I think it would be beneficial if 1♣ would deny clubs, as you then use the 2♣ rebid for various purposes with no additional cost, for example: 1♣-1M-2♣ = 10+ with diamonds (as I think Helene already implied). 1♣-1M-2♦ = 18+ Bubrotka or similar artificial. 1♣-1♦ = 0-6 1♣-1♦-2♣ = artificial GF 1♣-1NT = 7-11 no major 1♣-1NT-2♣ = 15+ with 5+♦, responders rebid 2♦ showing 7-8 1♣-1NT-2♦ = 10-14 with 5+♦ A problem with this is that 1♣-1M-2♣-2♦ must be as non-forcing, so no low-level relaying here.

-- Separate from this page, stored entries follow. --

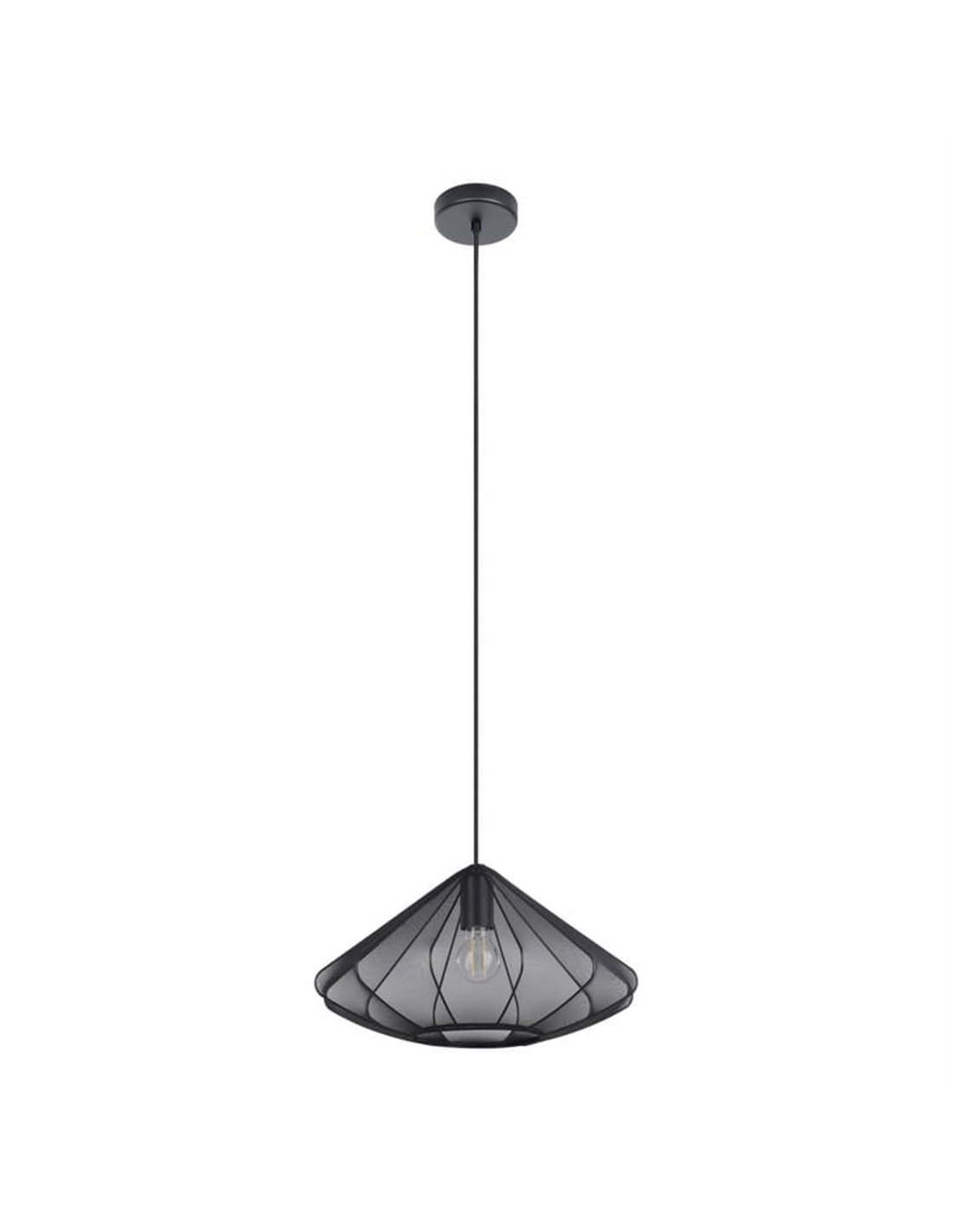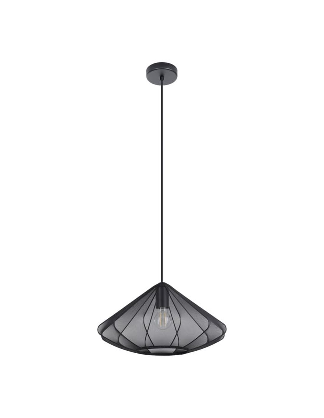 Pendelleuchte DOLWEN von Eglo mit schwarzem Textilschirm und Stahlelementen. Durchmesser 42,5 cm. Kompatibel mit E27-Glühbirnen (nicht enthalten). Perfekt zur Beleuchtung großer Räume mit einem modernen Akzent.
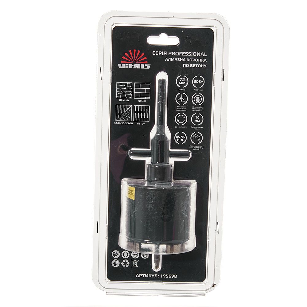 Комплект коронка алмазна по бетону Vitals Professional 72×110 мм М16 SDS-plus - це високотехнологічний та професійний інструмент для свердління отворів у бетоні, слабоармованому бетоні (арматура діаметром до 20 мм), газобетоні, пінобетоні та цеглі без примусового охолодження водою за допомогою перфоратора. Цей комплект складається з алмазної коронки, центруючого свердла та адаптера з хвостовиком SDS+ і має такі переваги:
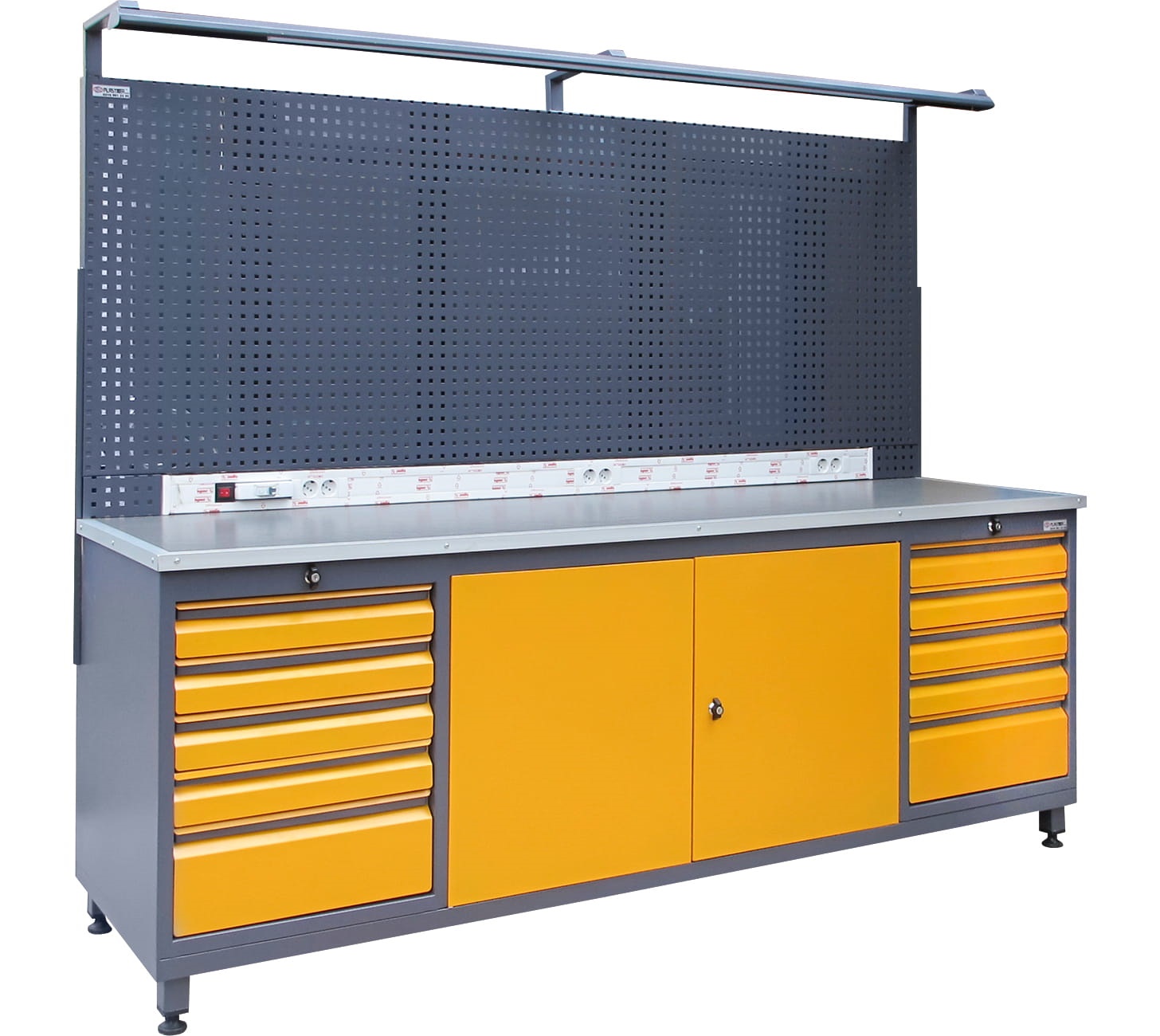 Panolu Çalışma Tezgahı, 10 Çekmeceli, Aydınlatmalı, 6 Prizli

I think the reasons for using 15-17 have been mentioned already, but I think 14-16 is optimal together with T-W. When I play like that I do not open 1♣ with 11 (unless it is an upgrade to 12). This means that the most common balanced range (12-13) is more accurately bid. The problem that Adam mentioned with getting too high with 17 can be reduced by splitting up 17-19 into two parts. And then you might as well combine it with 20-21 balanced. What I mean is that 1♣-1R-1M is either 12-13 or 19-21, and 1♣-1R-1NT is 17-18. 19 feels like a GF against a 1-over-1 response, while 17-18 is not it, so I like this a lot. Starting low with 20-21 balanced is also good. Typically you do 1-over-1 with 5 points anyway, and missing games with 21+4 is not too bad (21 balanced against any hand with 4hcp makes 3NT only about 45% of the time), so you can play like this without big changes (except you need to play 1♣-1R-1M as almost forcing, and agree on how to show 19-21 balanced later on in the bidding). And naturally you also win by freeing the 2NT opening for something else than 20-21 balanced.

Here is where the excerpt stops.